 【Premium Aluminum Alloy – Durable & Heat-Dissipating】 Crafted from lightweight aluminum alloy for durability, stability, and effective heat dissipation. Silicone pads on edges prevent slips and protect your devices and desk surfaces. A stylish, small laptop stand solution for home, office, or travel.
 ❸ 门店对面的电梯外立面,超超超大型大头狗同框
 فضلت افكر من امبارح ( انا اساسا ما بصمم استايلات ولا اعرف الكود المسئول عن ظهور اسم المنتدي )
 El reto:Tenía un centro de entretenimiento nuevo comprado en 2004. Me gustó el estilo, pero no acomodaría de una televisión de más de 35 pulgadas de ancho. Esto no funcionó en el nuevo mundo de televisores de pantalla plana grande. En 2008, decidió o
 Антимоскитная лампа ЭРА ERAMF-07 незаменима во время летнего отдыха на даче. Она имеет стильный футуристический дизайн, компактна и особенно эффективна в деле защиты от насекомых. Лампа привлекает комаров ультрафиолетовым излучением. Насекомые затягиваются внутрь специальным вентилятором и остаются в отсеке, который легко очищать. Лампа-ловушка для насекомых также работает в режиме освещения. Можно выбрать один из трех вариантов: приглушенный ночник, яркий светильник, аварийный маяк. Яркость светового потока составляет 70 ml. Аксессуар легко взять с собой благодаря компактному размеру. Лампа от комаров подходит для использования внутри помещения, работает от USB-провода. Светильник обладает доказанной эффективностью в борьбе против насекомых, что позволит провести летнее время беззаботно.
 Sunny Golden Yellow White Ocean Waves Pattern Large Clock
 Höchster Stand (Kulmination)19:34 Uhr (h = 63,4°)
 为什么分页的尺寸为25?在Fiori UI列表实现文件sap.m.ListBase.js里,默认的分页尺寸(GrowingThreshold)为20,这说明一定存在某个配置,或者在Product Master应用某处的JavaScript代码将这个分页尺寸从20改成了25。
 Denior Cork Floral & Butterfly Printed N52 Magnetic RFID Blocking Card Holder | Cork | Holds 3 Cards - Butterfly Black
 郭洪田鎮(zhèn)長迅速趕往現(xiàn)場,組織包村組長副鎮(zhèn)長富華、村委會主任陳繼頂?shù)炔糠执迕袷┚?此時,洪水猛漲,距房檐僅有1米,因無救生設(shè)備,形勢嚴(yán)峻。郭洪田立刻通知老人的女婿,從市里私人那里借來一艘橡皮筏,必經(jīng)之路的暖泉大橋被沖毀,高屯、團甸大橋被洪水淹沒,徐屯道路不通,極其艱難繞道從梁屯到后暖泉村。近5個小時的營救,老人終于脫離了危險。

= = = =

#### PROBLEM DESCRIPTION
Set down nothing but the lines from the one containing "Sunny Golden Yellow" through the final line above, exactly as written.

#### TASK RESULT
 Sunny Golden Yellow White Ocean Waves Pattern Large Clock
 Höchster Stand (Kulmination)19:34 Uhr (h = 63,4°)
 为什么分页的尺寸为25?在Fiori UI列表实现文件sap.m.ListBase.js里,默认的分页尺寸(GrowingThreshold)为20,这说明一定存在某个配置,或者在Product Master应用某处的JavaScript代码将这个分页尺寸从20改成了25。
 Denior Cork Floral & Butterfly Printed N52 Magnetic RFID Blocking Card Holder | Cork | Holds 3 Cards - Butterfly Black
 郭洪田鎮(zhèn)長迅速趕往現(xiàn)場,組織包村組長副鎮(zhèn)長富華、村委會主任陳繼頂?shù)炔糠执迕袷┚?此時,洪水猛漲,距房檐僅有1米,因無救生設(shè)備,形勢嚴(yán)峻。郭洪田立刻通知老人的女婿,從市里私人那里借來一艘橡皮筏,必經(jīng)之路的暖泉大橋被沖毀,高屯、團甸大橋被洪水淹沒,徐屯道路不通,極其艱難繞道從梁屯到后暖泉村。近5個小時的營救,老人終于脫離了危險。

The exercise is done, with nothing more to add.